Analysis: SOX whistleblowers open to retaliation

Internal accountants and other corporate employees who report financial wrongdoing at their companies may not be able to count on Sarbanes-Oxley Act "whistleblower" provisions to protect them from retaliation.Although those provisions were inserted into the law by Congress to encourage corporate insiders to step forward and report accounting or securities fraud, a new analysis by researchers at the University of Nebraska College of Law found gaping holes in the SOX whistleblower protections.

Under Section 806 of that law, non-governmental employees were, for the first time, granted federal whistleblower protection for disclosing financial malfeasance that materially affected the stock price of publicly traded companies.

When the law was enacted in 2002, those provisions were hailed as groundbreaking advances in the government's effort to prevent the kind of accounting scandals that led to the collapse of Enron and auditing firm Arthur Andersen.

But during the first three years since the Sarbanes-Oxley Act was enacted, only a handful of the 491 whistleblower complaints of retaliation filed with the government have resulted in rulings favoring the employee, researcher Richard Moberly found.

Of the 361 cases resolved by the Occupational Safety and Health Administration - the federal agency charged with initially investigating such complaints - only 13 decisions went in favor of the complaining whistleblower. Although a number of those decisions were appealed to Labor Department administrative law judges, only 6.5 percent of those whistleblower appeals were successful, Moberly reported.

Financial whistleblowers whose cases are turned down by ALJs have the option of appealing those decisions to a federal administrative review board, and a number of complainants did so, the analysis said. But the review board has never ruled in favor of a SOX whistleblower, and has, in fact, overturned three of the six cases that ALJs decided in favor of an employee.

WHISTLE WHERE YOU WORK?

Moberly cited the "surprisingly low win rate" in these cases as evidence that "Sarbanes-Oxley fails to protect employee whistleblowers as Congress originally intended."

According to Moberly, this failure of Sarbanes-Oxley will discourage accountants and other corporate financial insiders from reporting accounting fraud in the future.

"Employees will report wrongdoing less frequently unless they are given credible assurances that they are safe from retaliation," the Nebraska law professor said. "Unfortunately, during the first years of its existence, Sarbanes-Oxley has not sufficiently protected whistleblowers, and thus cannot provide such assurances."
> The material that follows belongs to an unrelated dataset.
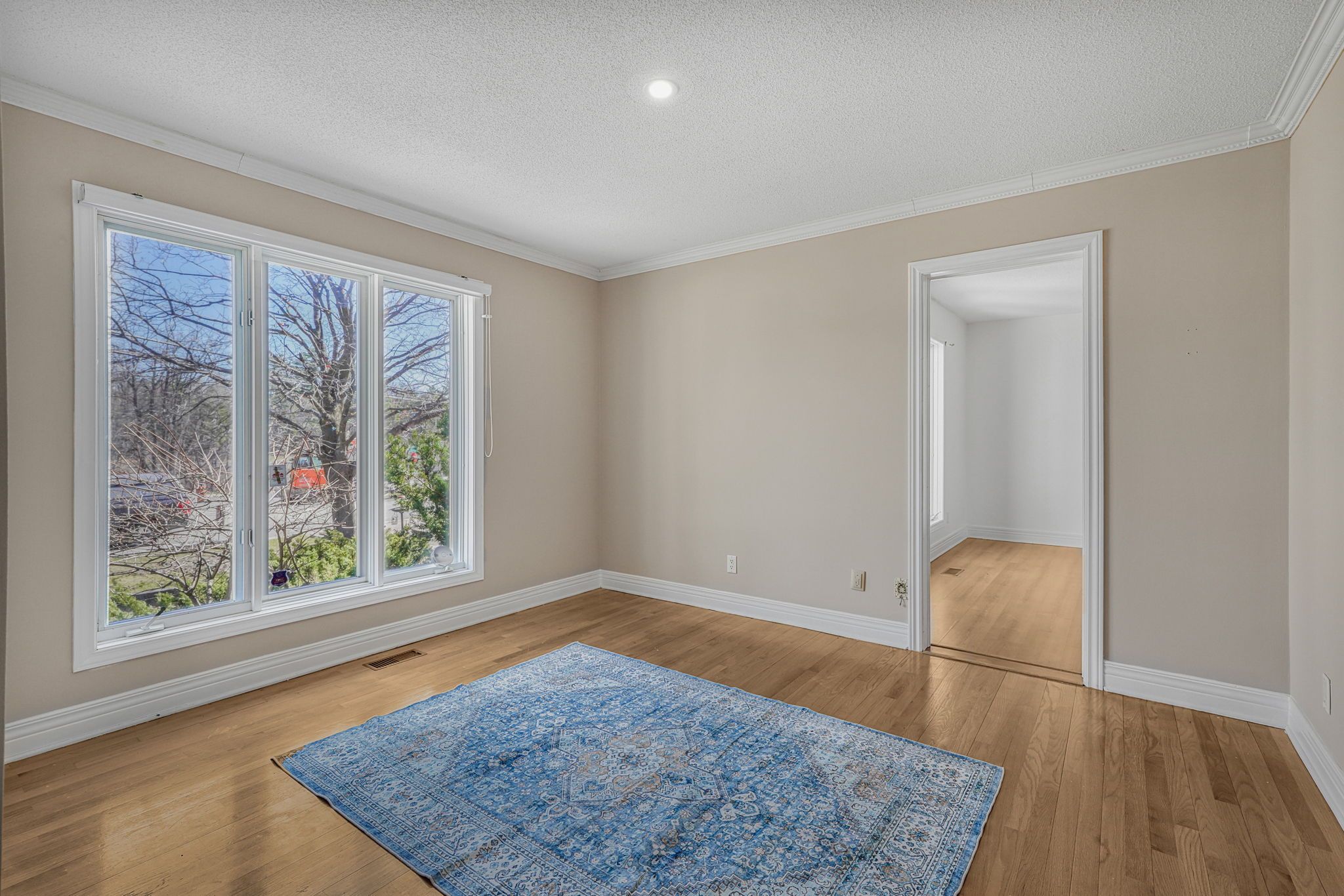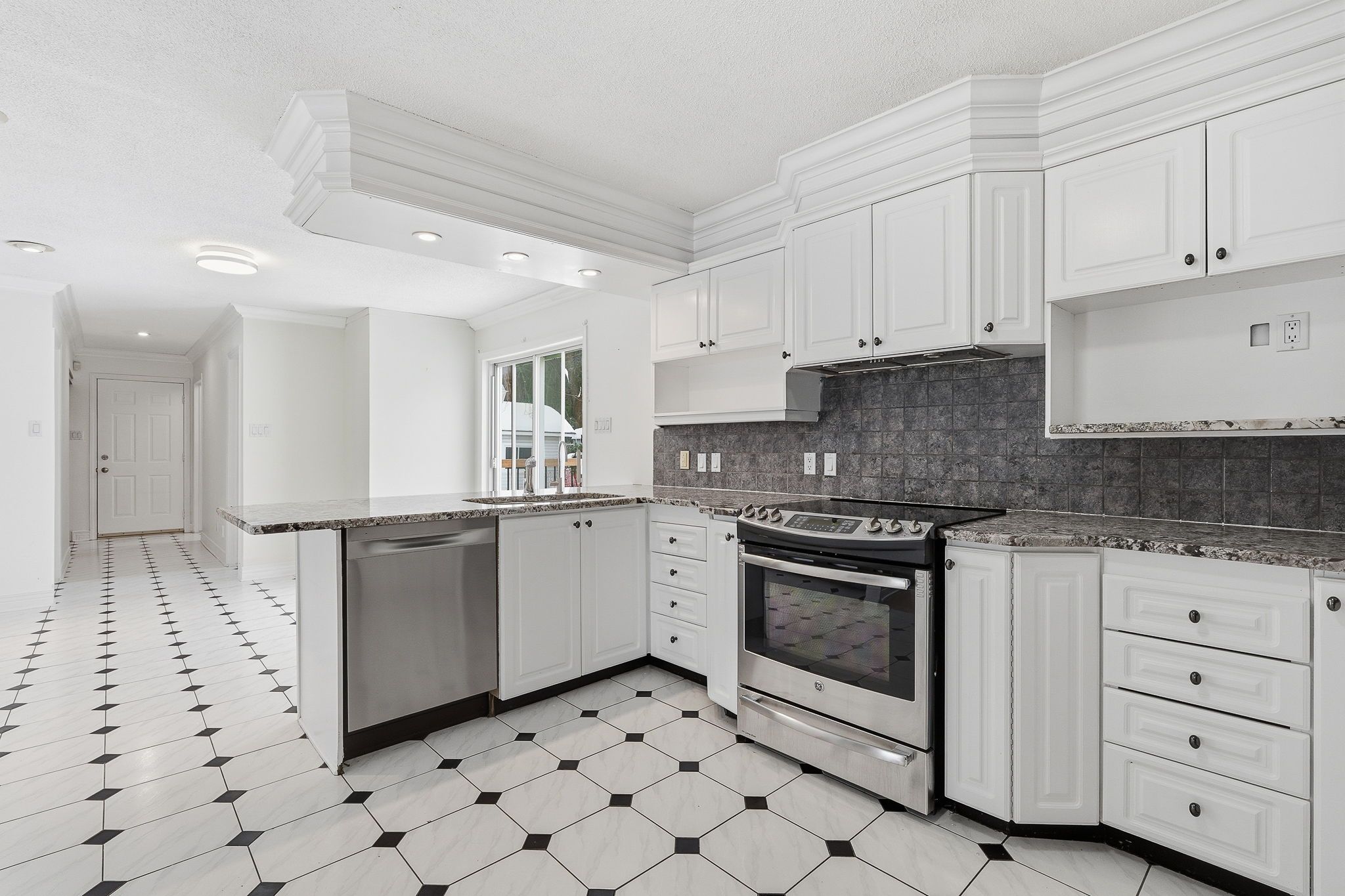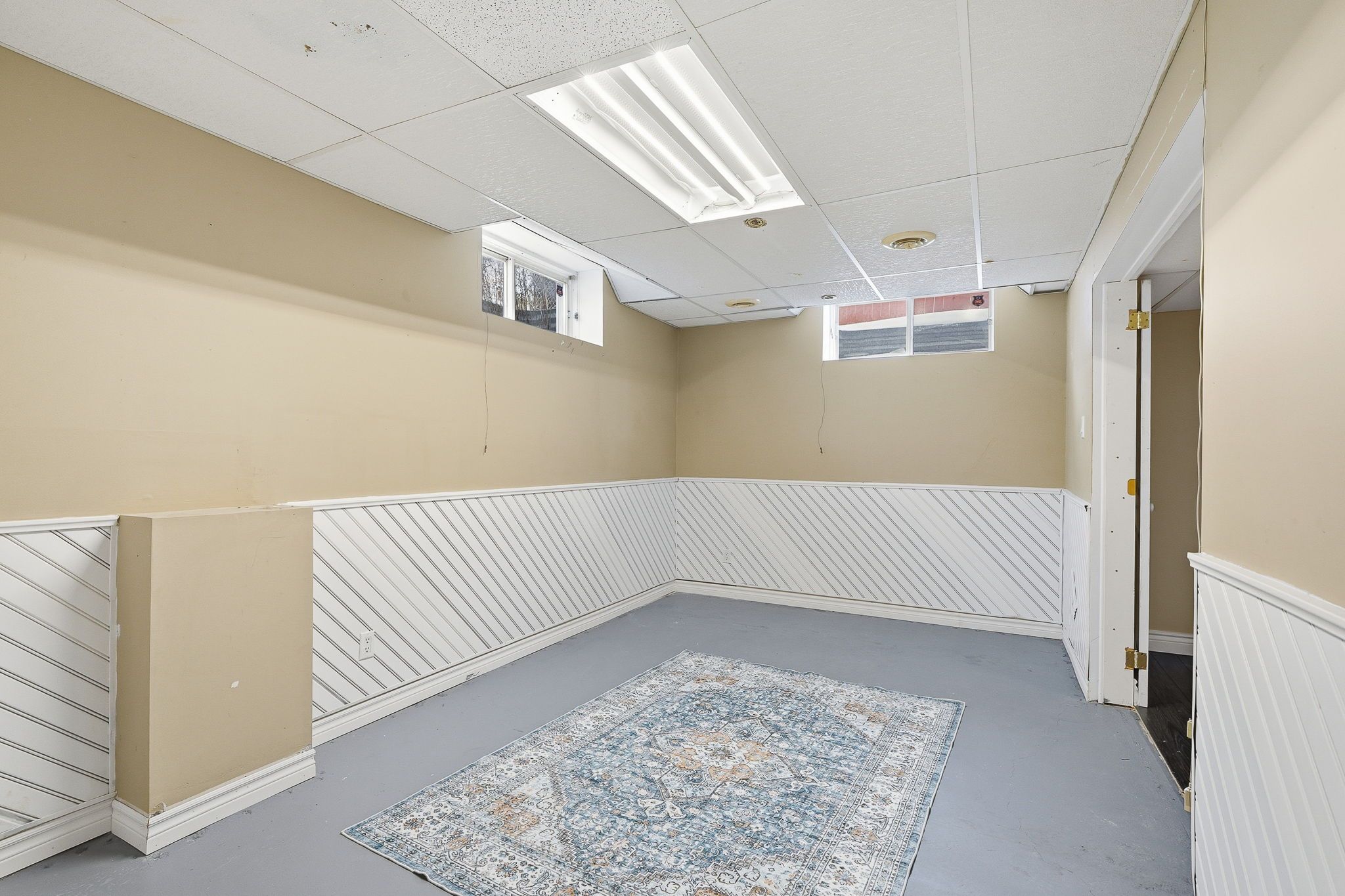 • Bright interior with a sunken living room for architectural charm.

Moberly called on Congress to make several legislative changes in SOX to correct the problem, including lengthening the limitations period for retaliation claims by whistleblowers from 90 days to 180 days, and requiring both OSHA and the ALJs to "publicize and report the types of findings they make in order to better inform the public of the limitations of their decision-making."

He also suggested legislation to address "OSHA's apparent misapplication of the act's burden of proof," which makes it difficult for whistleblowers to win cases.

Additionally, he said, "Congress and OSHA could provide employees more influence and participation in the investigative process, enabling OSHA to consider both sides of the dispute more fully."

As an alternative, "Congress could consider removing OSHA as the primary investigator of Sarbanes-Oxley complaints" and allow financial fraud whistleblowers to seek protection directly from the federal courts or the Securities and Exchange Commission.